The rapidly growing and modernizing Argentine military of the 1920s, whose budget had risen threefold in the decade, lacked a commensurate headquarters, and had been housed since the late 19th century in a Montserrat neighbourhood structure formerly used by the National Mint. Seeking to remedy this, President Agustín Justo (a retired general and former War Minister) ordered the construction of a new War Ministry, and commissioned Carlos Pibernat, chief architect of the General Engineers' Office, for its design.

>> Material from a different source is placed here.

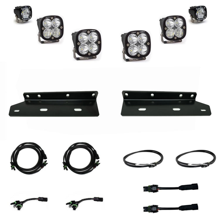 Separate your truck from the pack with the Baja Designs 2021 Ford Raptor Sport Fog Light Kit. This kit utilizes two Squadron Pros (4,600 lumens each), two Squadron racers (4,300 lumens each), and two S1s (2,375 lumens each).

Pibernat's plans, submitted in 1935, called for twin buildings east and west of the presidential offices at the Casa Rosada. Ultimately, however, these plans were dropped in favor of imposing new headquarters on a 3 ha (8 ac) lot east of the Casa Rosada. Designed by Ministry of Public Works architects Enrique Lopardo, Néstor Pastrana, and Héctor Campini, the twenty-story, 82,625 m² (889,000 ft²) building would be the largest in Argentina up to that point. The building would thus be divided into three sections: two wings to be anchored by a central section staggered outwards in the 230 m (750 ft) long façade, and distinguishable also by a portico and its four additional floors.

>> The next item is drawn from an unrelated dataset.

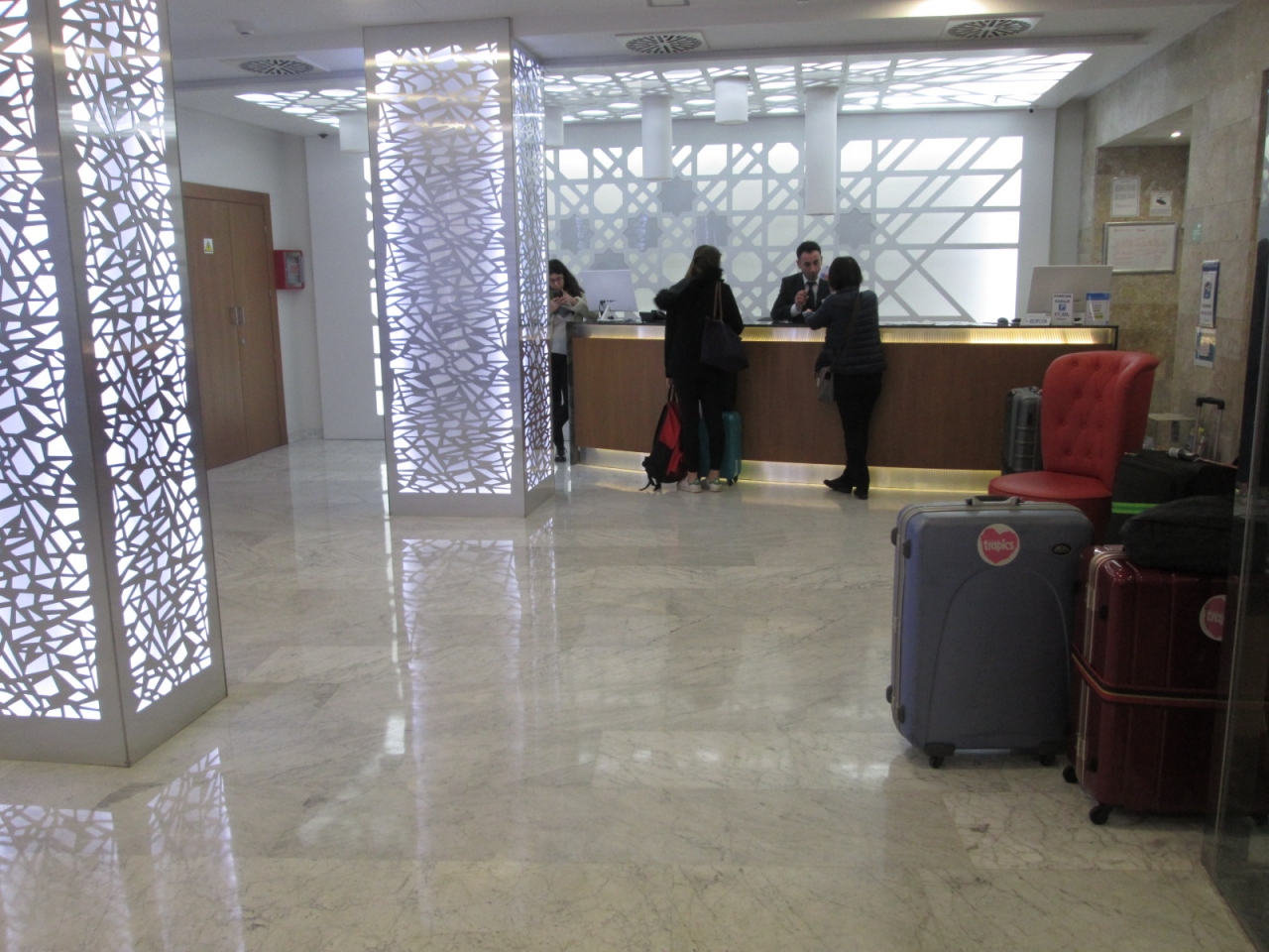 今度のホテルは下町のような繁華街に所在し、施設的には昨日泊まったマドリードのメリダ・アベニーダ・アメリカよりやや新しいかな。

The structure, designed in French Renaissance style and begun in 1938, was equipped with Siemens elevators and communications networks, whose installation was overseen by German engineers. Following the installation of security systems, libraries, archives and a tunnel connecting the building to the Casa Rosada, as well as the lengthy and politically sensitive process of assigning wings and pavilions to the myriad Argentine military bureaus, the new War Ministry was inaugurated in April 1943.

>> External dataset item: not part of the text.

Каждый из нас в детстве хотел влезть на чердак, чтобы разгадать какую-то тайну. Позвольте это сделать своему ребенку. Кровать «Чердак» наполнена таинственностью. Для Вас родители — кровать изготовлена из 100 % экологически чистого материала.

President Juan Perón renamed the landmark the Edificio Libertador in 1950 to honor the centennial of the death of General José de San Martín (known locally as the Liberator of Argentina, Chile and Peru). The tunnels connecting the building to the presidential offices helped save the populist leader's life during the September 16–19, 1955, Revolución Libertadora coup against him, when he took refuge in the War Ministry before being ultimately deposed and exiled. Perón returned to power in 1973, but his break with erstwhile supporters, the far-left Montoneros, led to a violent conflict between them and his successor, Isabel Perón (his widow). Among the most noteworthy attacks in this conflict was the detonation of a car bomb by the Montoneros in front of the Libertador Building on March 15, 1976, which killed a civilian staffer and wounded 29 officers, helping trigger a coup d'état on March 24.